_Task goal_
Give the lines again exactly as they appear below, from the line with "由美東華人社團聯合總會主辦,紐約中國和平" to the line with "2.菜叶放入加了点盐和油的开水中半分钟左右捞出", both included, and only those lines. Leave every picture out.

_Provided information_
######
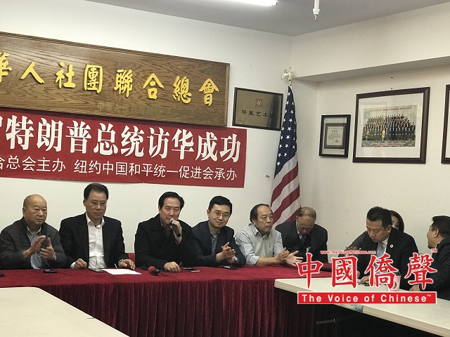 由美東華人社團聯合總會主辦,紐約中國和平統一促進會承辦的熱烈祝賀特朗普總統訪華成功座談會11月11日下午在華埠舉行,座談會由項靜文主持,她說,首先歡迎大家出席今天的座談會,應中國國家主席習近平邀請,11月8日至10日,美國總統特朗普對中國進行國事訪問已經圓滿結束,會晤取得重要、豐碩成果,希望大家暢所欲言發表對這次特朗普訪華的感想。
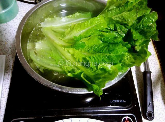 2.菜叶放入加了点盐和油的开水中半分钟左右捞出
######
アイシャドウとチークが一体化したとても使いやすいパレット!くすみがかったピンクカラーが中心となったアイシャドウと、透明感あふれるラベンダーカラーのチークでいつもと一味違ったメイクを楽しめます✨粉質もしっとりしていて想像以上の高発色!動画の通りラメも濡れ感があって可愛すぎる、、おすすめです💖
######
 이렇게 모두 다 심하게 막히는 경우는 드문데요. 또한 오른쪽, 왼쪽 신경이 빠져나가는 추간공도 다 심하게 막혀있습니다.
######
_Solution for this task_
 由美東華人社團聯合總會主辦,紐約中國和平統一促進會承辦的熱烈祝賀特朗普總統訪華成功座談會11月11日下午在華埠舉行,座談會由項靜文主持,她說,首先歡迎大家出席今天的座談會,應中國國家主席習近平邀請,11月8日至10日,美國總統特朗普對中國進行國事訪問已經圓滿結束,會晤取得重要、豐碩成果,希望大家暢所欲言發表對這次特朗普訪華的感想。
 2.菜叶放入加了点盐和油的开水中半分钟左右捞出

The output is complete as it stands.